** Raw data **
—————
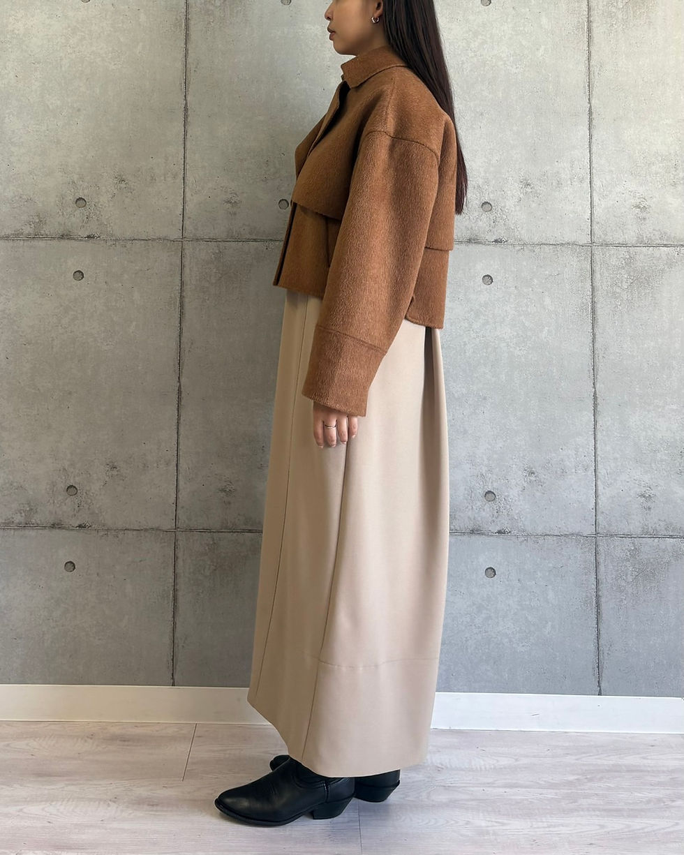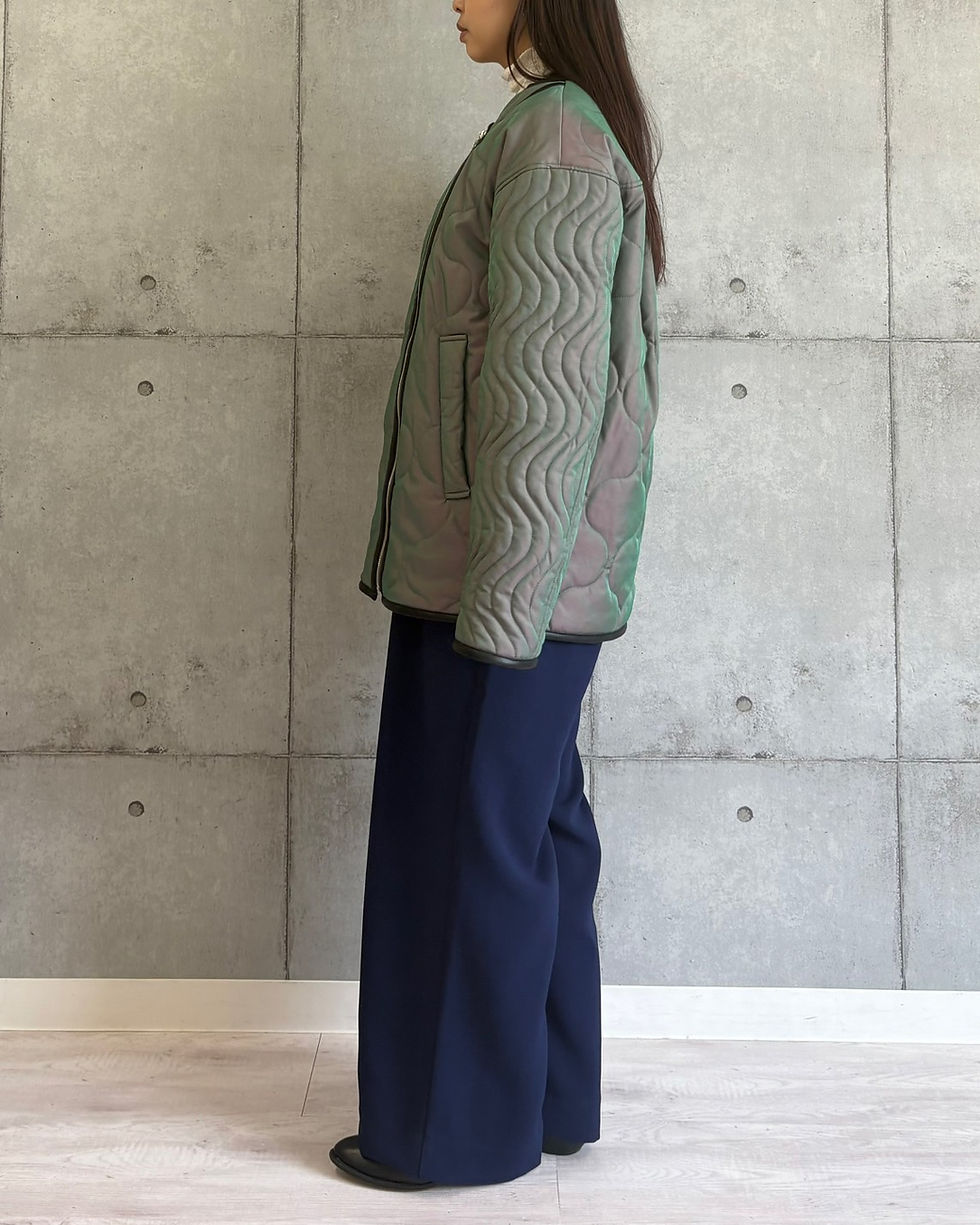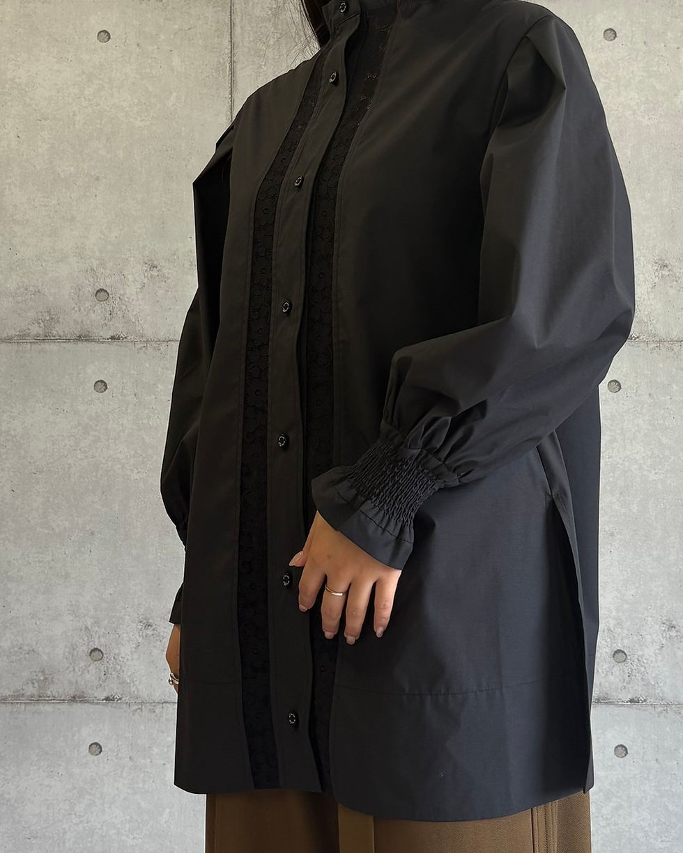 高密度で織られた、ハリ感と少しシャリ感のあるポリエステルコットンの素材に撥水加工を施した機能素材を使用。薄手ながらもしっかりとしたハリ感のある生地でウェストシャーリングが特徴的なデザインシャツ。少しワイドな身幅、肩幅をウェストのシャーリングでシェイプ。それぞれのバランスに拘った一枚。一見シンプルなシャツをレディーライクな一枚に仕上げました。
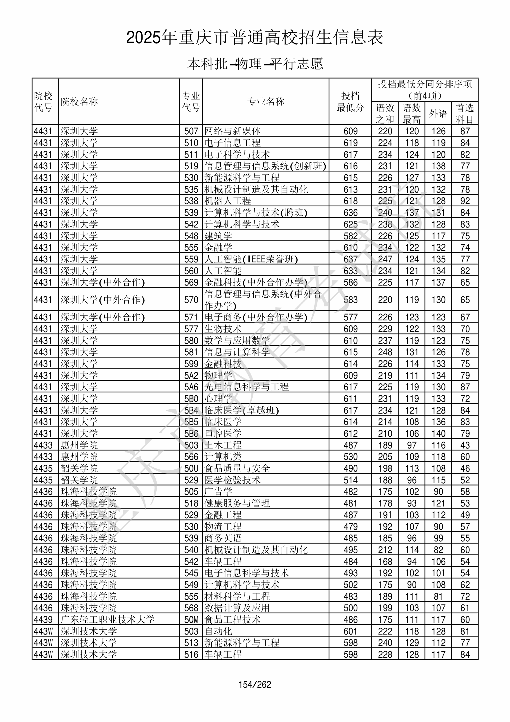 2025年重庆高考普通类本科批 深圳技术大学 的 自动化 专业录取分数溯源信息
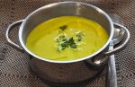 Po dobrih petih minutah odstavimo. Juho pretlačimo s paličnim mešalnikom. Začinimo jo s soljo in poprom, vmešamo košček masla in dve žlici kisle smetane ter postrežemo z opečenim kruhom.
—————
** Task prompt **
Your task is to output the material word for word while leaving out every image.

** Reply **
 高密度で織られた、ハリ感と少しシャリ感のあるポリエステルコットンの素材に撥水加工を施した機能素材を使用。薄手ながらもしっかりとしたハリ感のある生地でウェストシャーリングが特徴的なデザインシャツ。少しワイドな身幅、肩幅をウェストのシャーリングでシェイプ。それぞれのバランスに拘った一枚。一見シンプルなシャツをレディーライクな一枚に仕上げました。
 2025年重庆高考普通类本科批 深圳技术大学 的 自动化 专业录取分数溯源信息
 Po dobrih petih minutah odstavimo. Juho pretlačimo s paličnim mešalnikom. Začinimo jo s soljo in poprom, vmešamo košček masla in dve žlici kisle smetane ter postrežemo z opečenim kruhom.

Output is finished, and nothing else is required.